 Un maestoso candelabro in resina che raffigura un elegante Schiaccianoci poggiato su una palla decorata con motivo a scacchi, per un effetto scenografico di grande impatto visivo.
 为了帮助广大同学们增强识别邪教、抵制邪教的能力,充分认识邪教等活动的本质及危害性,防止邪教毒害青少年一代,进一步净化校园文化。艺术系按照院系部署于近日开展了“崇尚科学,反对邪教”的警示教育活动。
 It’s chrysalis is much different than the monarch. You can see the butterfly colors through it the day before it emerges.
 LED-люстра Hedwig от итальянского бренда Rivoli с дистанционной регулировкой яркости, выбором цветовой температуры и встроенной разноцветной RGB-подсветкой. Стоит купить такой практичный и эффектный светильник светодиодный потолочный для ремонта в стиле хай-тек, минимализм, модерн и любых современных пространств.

---

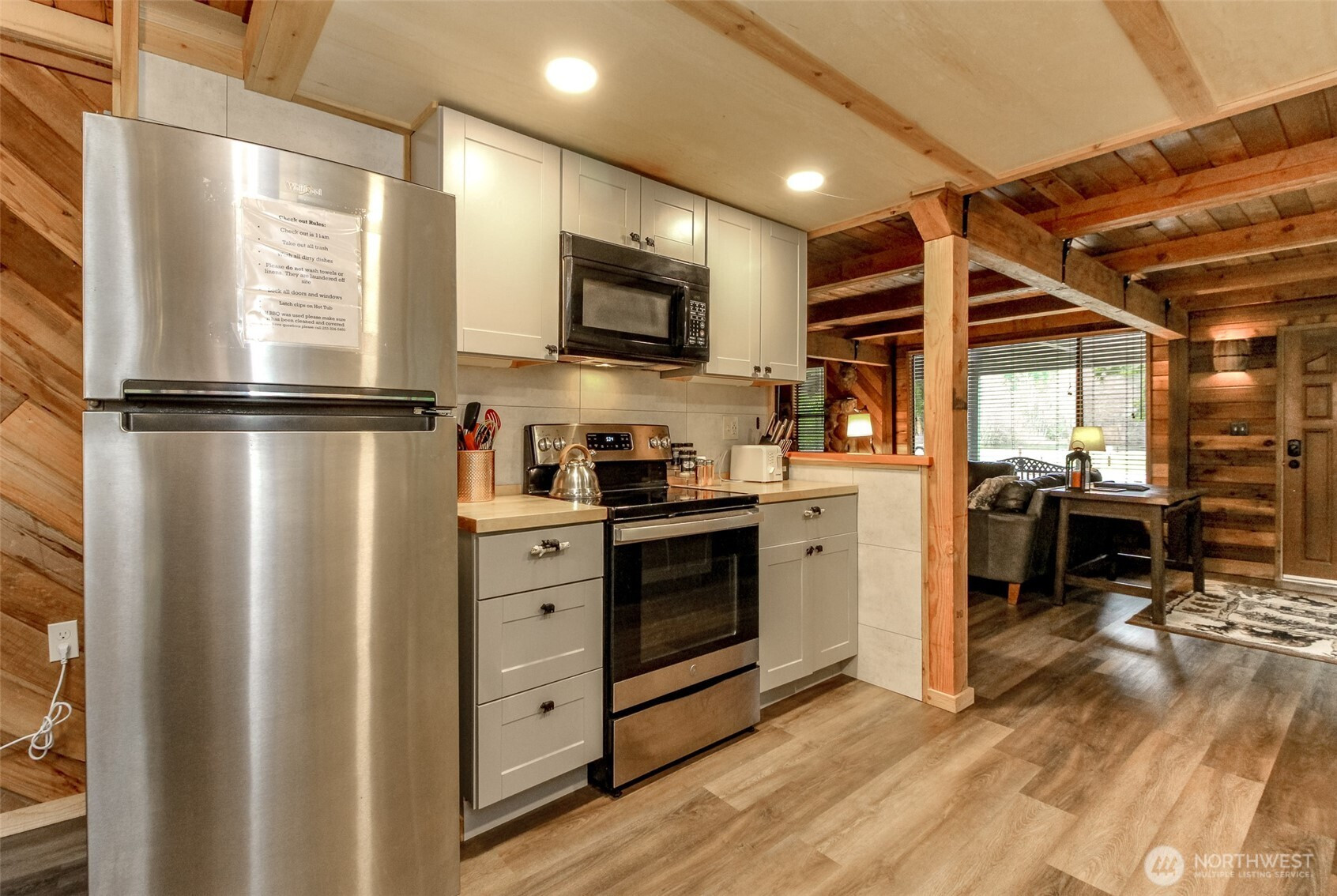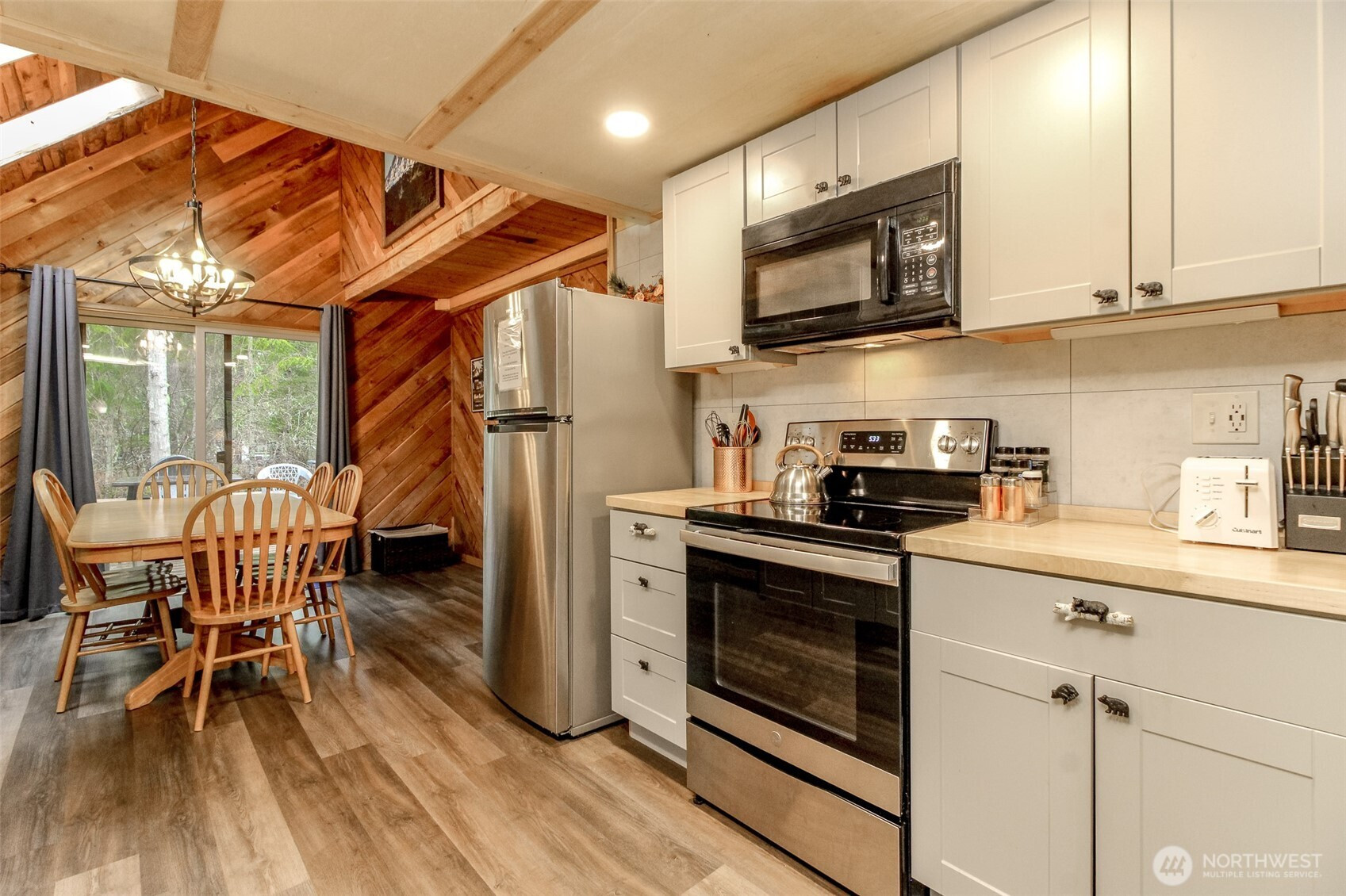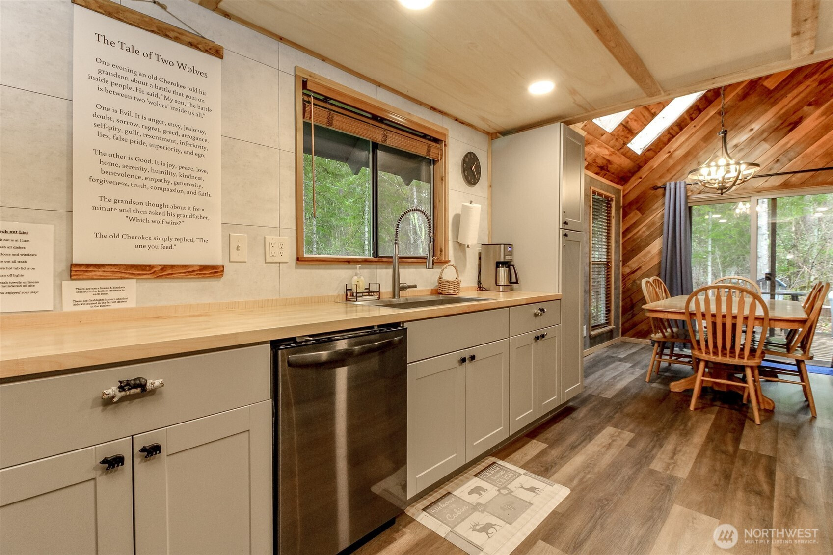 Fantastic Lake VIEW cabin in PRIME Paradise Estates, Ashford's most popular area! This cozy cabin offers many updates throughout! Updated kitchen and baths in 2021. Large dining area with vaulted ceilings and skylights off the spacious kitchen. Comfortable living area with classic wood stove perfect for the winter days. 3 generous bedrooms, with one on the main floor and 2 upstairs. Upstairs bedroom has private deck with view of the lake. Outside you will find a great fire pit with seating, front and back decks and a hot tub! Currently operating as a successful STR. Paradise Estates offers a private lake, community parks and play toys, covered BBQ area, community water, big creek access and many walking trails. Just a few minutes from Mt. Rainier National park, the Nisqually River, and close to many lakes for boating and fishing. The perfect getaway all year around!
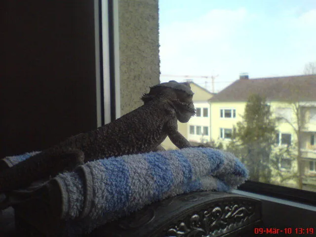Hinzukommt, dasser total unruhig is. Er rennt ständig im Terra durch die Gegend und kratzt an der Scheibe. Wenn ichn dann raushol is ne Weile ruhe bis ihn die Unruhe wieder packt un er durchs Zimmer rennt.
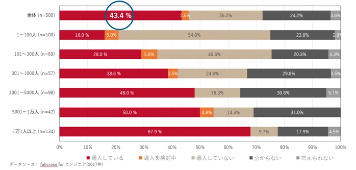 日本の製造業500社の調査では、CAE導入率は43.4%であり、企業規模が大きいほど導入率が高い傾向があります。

Assigned task:
What you give back must be the stretch above, starting at the line with "Un maestoso candelabro" and ending at the line with "LED-люстра Hedwig от", copied exactly.

Solution to this exercise:
 Un maestoso candelabro in resina che raffigura un elegante Schiaccianoci poggiato su una palla decorata con motivo a scacchi, per un effetto scenografico di grande impatto visivo.
 为了帮助广大同学们增强识别邪教、抵制邪教的能力,充分认识邪教等活动的本质及危害性,防止邪教毒害青少年一代,进一步净化校园文化。艺术系按照院系部署于近日开展了“崇尚科学,反对邪教”的警示教育活动。
 It’s chrysalis is much different than the monarch. You can see the butterfly colors through it the day before it emerges.
 LED-люстра Hedwig от итальянского бренда Rivoli с дистанционной регулировкой яркости, выбором цветовой температуры и встроенной разноцветной RGB-подсветкой. Стоит купить такой практичный и эффектный светильник светодиодный потолочный для ремонта в стиле хай-тек, минимализм, модерн и любых современных пространств.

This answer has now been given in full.